Task to carry out :: Using the entries that follow, transcribe only the lines from the line with "Abrimos el Administrador" to the line with "阿诺德这种大斜线转移,简洁、", both included, exactly as they stand and without pictures.

Records provided ::
»»

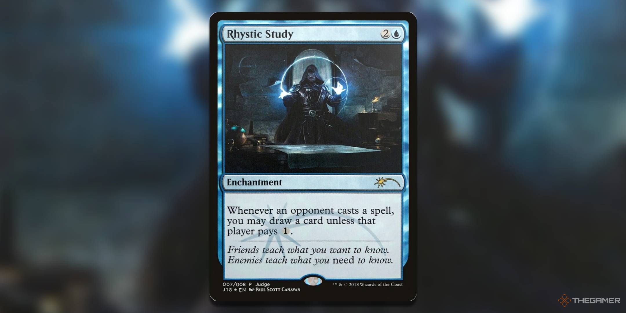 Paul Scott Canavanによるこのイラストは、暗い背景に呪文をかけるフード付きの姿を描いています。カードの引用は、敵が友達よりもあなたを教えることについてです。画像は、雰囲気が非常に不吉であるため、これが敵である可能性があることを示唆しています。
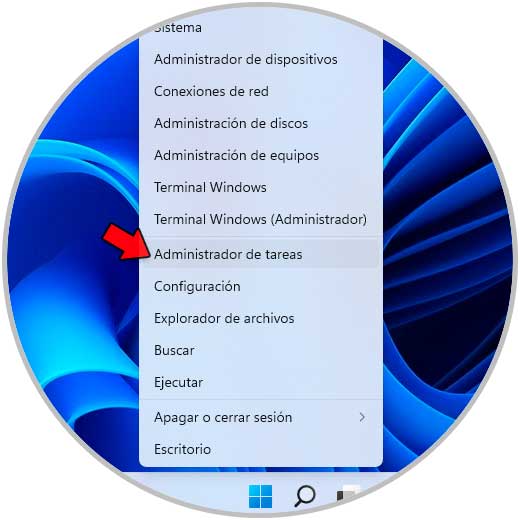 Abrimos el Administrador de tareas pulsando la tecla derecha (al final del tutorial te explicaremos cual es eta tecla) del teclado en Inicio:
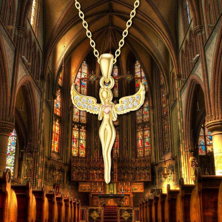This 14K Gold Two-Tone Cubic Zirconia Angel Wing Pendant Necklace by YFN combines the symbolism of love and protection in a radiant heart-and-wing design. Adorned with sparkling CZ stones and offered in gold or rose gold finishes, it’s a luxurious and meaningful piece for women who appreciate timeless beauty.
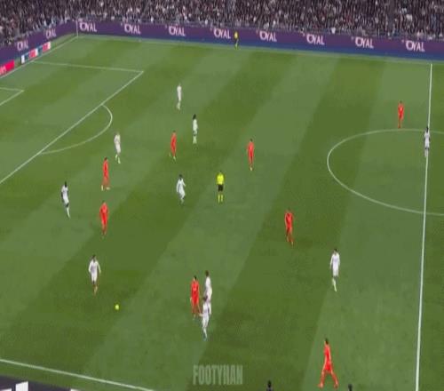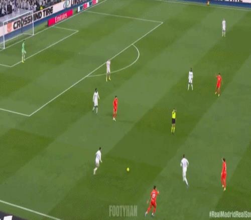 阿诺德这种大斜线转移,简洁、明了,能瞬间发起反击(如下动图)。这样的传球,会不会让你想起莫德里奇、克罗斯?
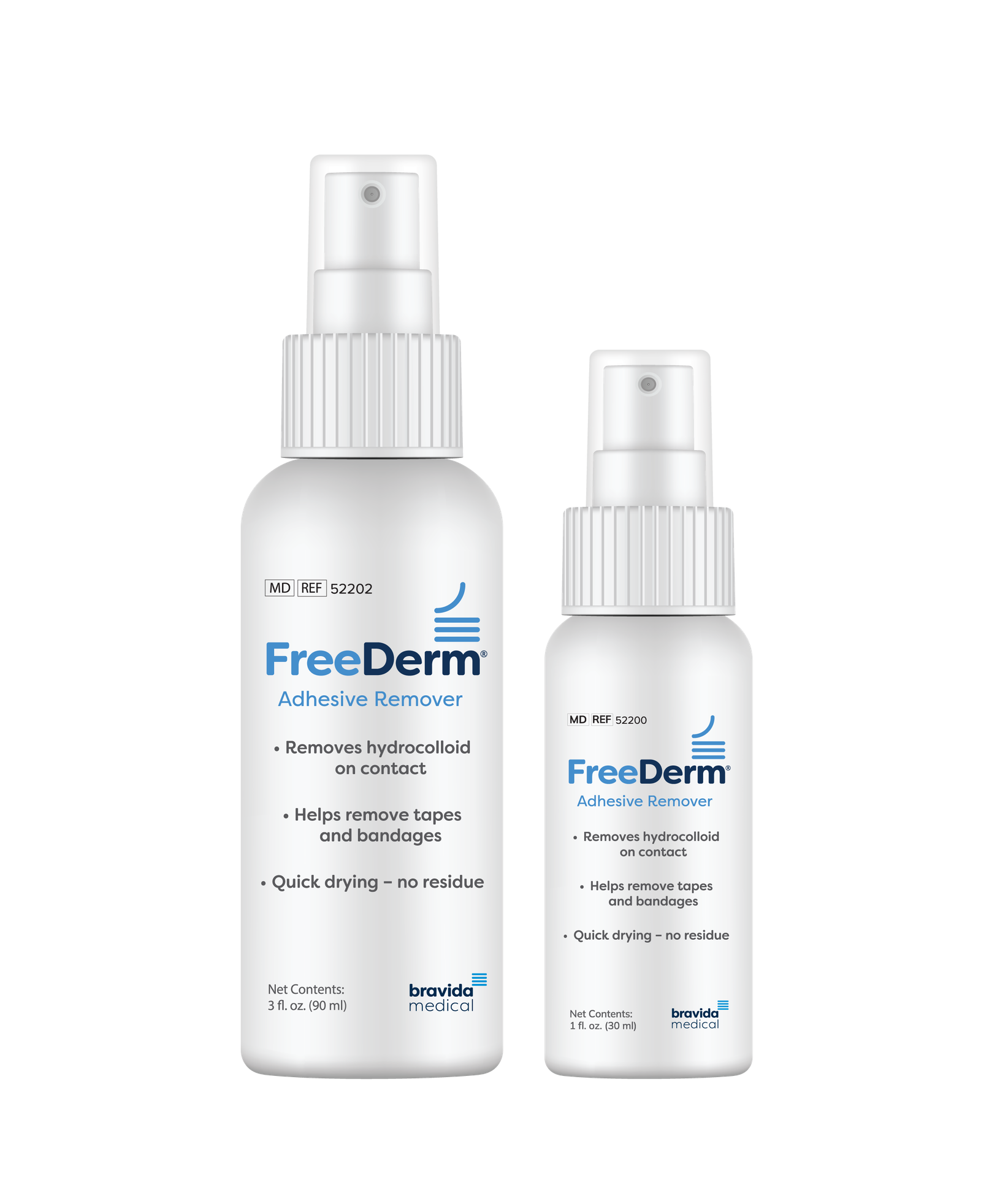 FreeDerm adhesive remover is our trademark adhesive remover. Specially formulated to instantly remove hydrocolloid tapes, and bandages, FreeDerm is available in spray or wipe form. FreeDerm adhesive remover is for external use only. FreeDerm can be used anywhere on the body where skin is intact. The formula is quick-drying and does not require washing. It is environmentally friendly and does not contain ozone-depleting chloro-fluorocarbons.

««
»»

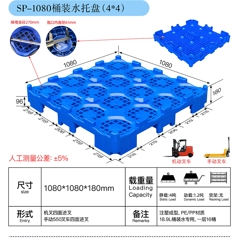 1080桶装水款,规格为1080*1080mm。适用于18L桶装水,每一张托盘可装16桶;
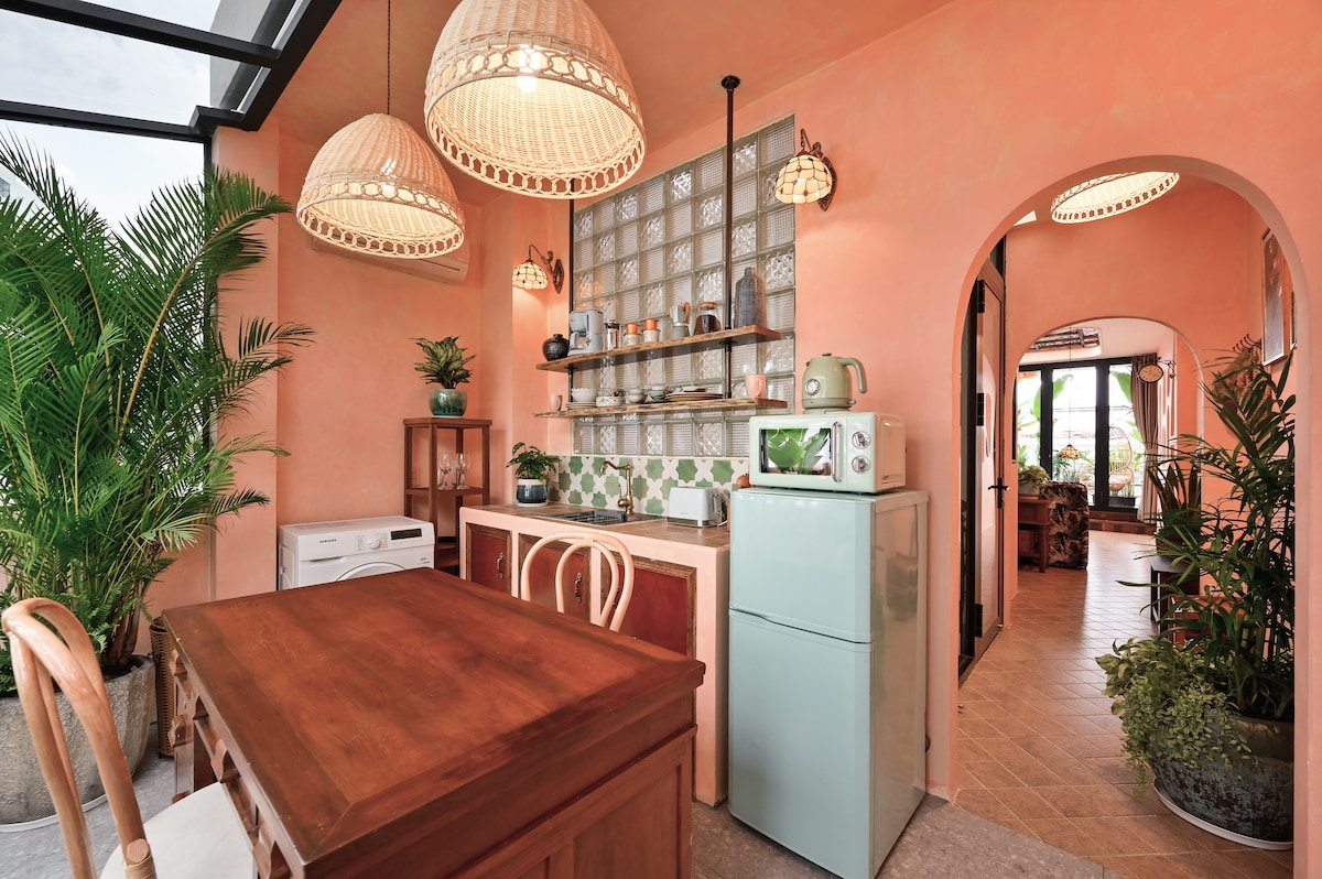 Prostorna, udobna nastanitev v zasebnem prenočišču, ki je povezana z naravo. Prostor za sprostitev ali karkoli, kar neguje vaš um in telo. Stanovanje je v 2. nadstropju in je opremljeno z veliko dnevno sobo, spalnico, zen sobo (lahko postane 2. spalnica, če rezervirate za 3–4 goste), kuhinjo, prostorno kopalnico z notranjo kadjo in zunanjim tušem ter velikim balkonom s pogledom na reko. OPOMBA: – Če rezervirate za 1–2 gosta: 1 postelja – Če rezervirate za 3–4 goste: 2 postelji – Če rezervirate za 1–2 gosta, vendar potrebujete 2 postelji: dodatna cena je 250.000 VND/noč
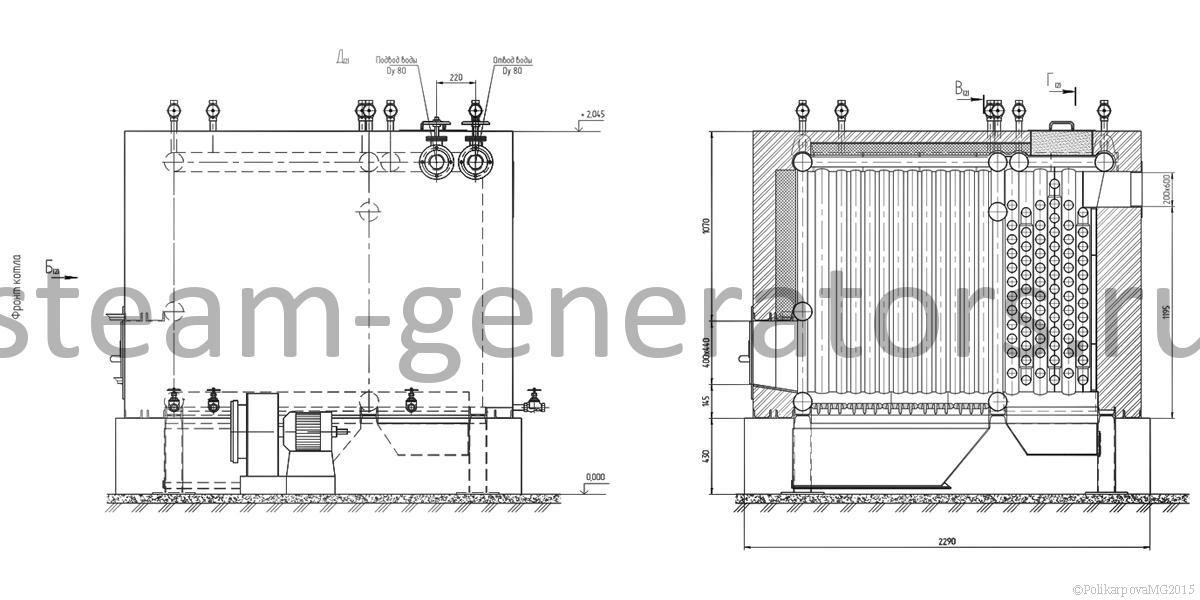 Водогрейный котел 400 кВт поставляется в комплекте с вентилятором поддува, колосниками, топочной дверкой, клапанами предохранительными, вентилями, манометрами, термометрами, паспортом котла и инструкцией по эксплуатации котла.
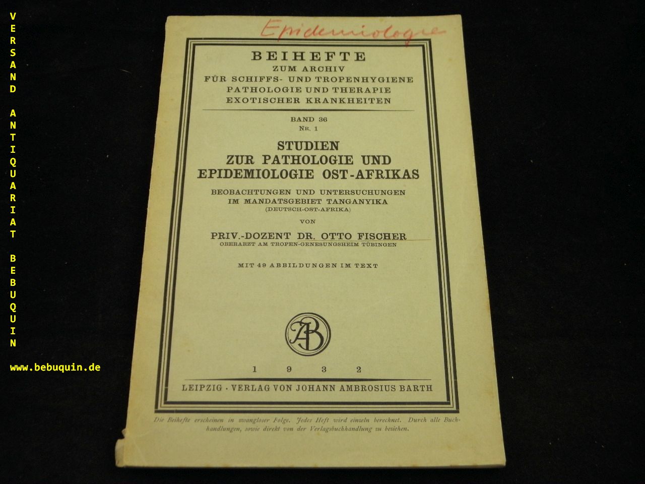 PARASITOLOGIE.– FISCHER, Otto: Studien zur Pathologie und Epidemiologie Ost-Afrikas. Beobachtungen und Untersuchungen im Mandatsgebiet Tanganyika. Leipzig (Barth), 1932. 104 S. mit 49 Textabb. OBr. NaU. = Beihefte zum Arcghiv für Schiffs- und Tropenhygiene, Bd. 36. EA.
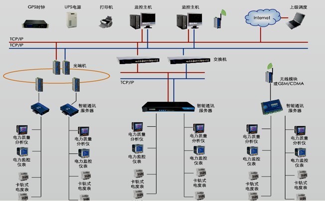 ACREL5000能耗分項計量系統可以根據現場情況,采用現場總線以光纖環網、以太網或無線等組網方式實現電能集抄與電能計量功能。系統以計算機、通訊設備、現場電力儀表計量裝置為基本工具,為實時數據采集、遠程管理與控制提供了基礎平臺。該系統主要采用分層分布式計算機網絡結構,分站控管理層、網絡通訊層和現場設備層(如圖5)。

««
»»

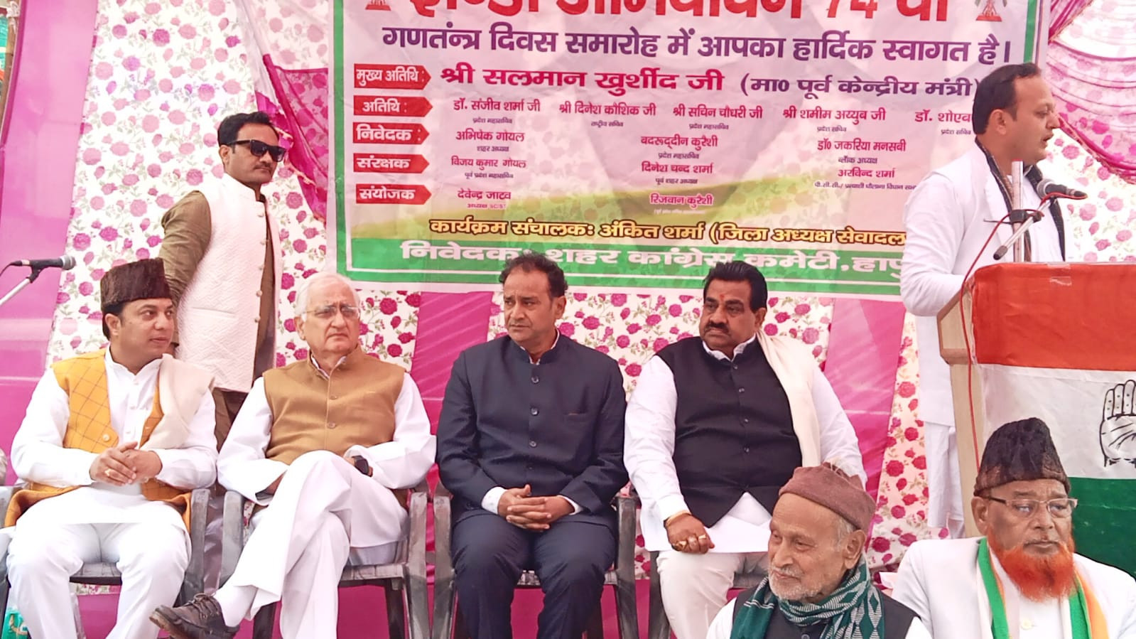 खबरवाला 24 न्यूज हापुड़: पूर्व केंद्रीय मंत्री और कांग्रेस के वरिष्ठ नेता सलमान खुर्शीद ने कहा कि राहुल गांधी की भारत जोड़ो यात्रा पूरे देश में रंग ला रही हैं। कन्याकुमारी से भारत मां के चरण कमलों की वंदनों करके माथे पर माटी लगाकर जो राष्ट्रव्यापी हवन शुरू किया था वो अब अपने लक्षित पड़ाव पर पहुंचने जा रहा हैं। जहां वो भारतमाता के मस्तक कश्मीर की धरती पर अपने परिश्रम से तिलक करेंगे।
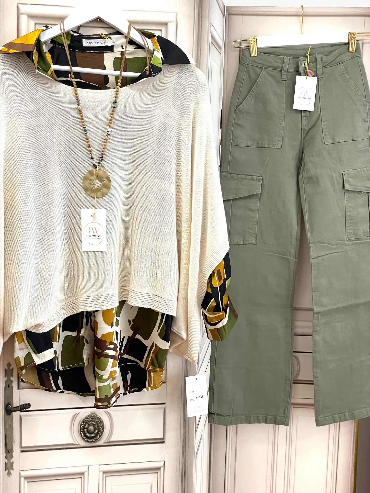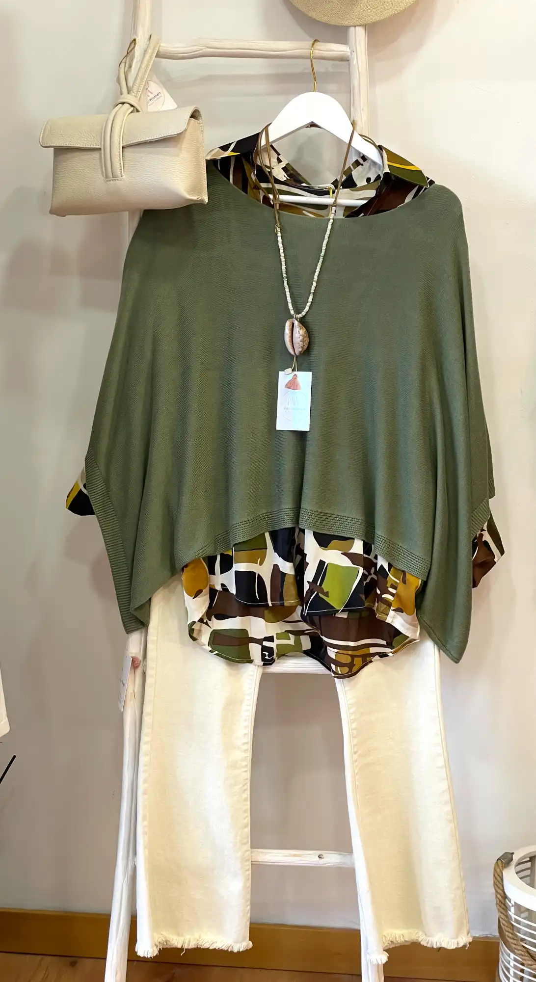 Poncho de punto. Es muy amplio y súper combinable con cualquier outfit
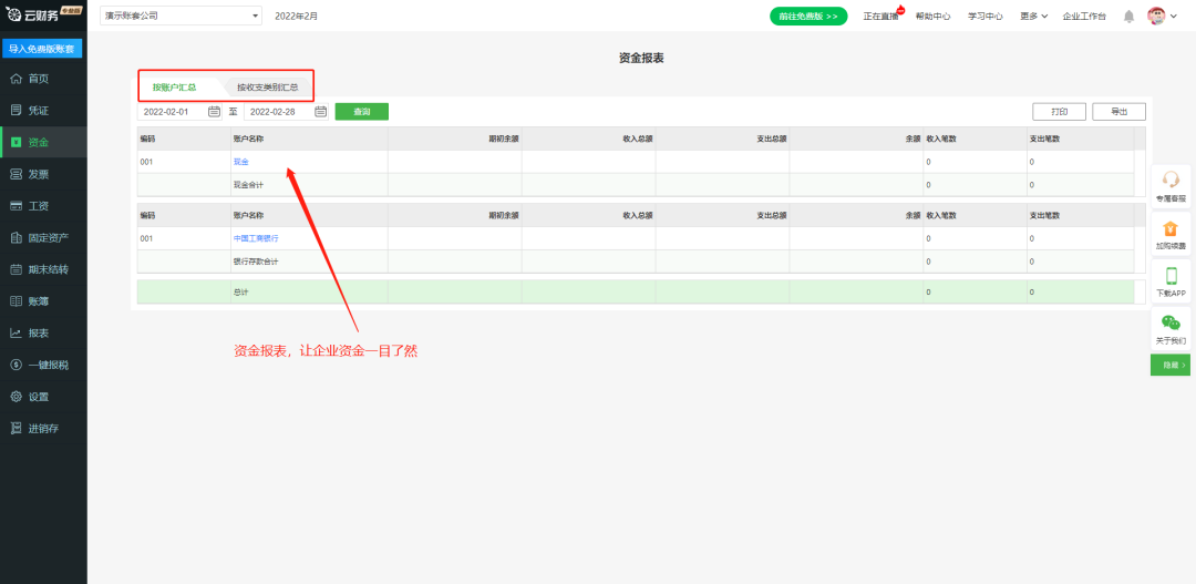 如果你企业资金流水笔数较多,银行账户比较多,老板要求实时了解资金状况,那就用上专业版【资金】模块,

««

Reply ::
 Abrimos el Administrador de tareas pulsando la tecla derecha (al final del tutorial te explicaremos cual es eta tecla) del teclado en Inicio:
This 14K Gold Two-Tone Cubic Zirconia Angel Wing Pendant Necklace by YFN combines the symbolism of love and protection in a radiant heart-and-wing design. Adorned with sparkling CZ stones and offered in gold or rose gold finishes, it’s a luxurious and meaningful piece for women who appreciate timeless beauty.
 阿诺德这种大斜线转移,简洁、明了,能瞬间发起反击(如下动图)。这样的传球,会不会让你想起莫德里奇、克罗斯?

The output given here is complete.